» DATA RECORDS
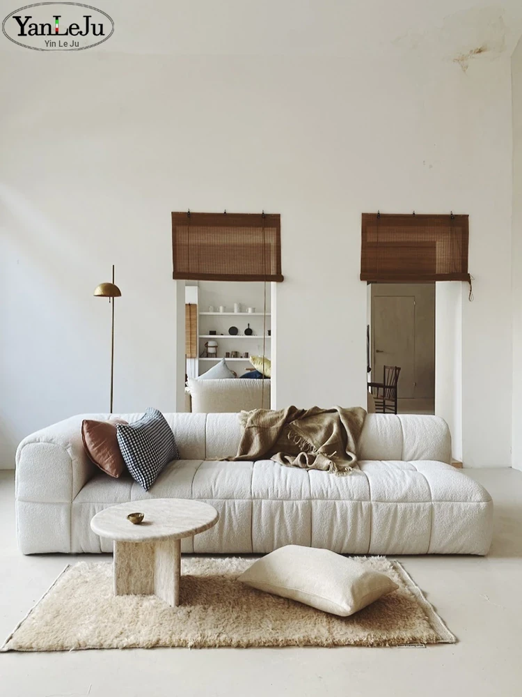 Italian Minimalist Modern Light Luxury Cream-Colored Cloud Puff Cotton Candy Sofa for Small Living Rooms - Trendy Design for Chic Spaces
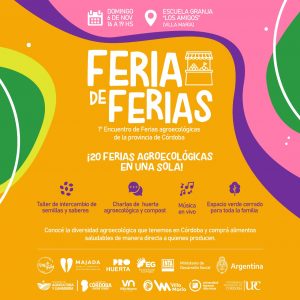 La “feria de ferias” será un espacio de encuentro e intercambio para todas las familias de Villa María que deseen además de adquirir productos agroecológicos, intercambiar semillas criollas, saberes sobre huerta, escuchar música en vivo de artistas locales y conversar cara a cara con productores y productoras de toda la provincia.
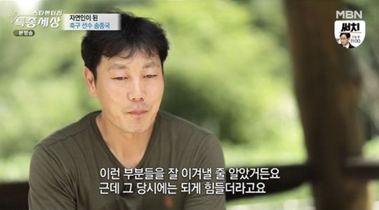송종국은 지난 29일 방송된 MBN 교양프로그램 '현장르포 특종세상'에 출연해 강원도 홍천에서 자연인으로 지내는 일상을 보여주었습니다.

---

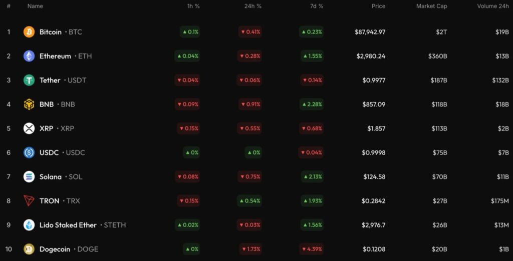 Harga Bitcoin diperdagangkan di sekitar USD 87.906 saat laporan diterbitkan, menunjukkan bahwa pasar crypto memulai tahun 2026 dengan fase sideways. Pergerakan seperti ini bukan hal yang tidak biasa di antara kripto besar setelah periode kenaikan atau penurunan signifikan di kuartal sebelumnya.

--

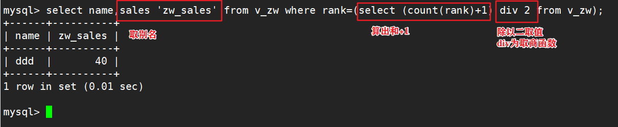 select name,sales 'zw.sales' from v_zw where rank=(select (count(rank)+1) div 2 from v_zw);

» ACTIVITY
Only the lines between the one with "Italian Minimalist Modern" and the one with "송종국은 지난 29일", those two included, get copied from the material above. Keep it exact and free of pictures.

» PROBLEM SOLUTION
 Italian Minimalist Modern Light Luxury Cream-Colored Cloud Puff Cotton Candy Sofa for Small Living Rooms - Trendy Design for Chic Spaces
 La “feria de ferias” será un espacio de encuentro e intercambio para todas las familias de Villa María que deseen además de adquirir productos agroecológicos, intercambiar semillas criollas, saberes sobre huerta, escuchar música en vivo de artistas locales y conversar cara a cara con productores y productoras de toda la provincia.
송종국은 지난 29일 방송된 MBN 교양프로그램 '현장르포 특종세상'에 출연해 강원도 홍천에서 자연인으로 지내는 일상을 보여주었습니다.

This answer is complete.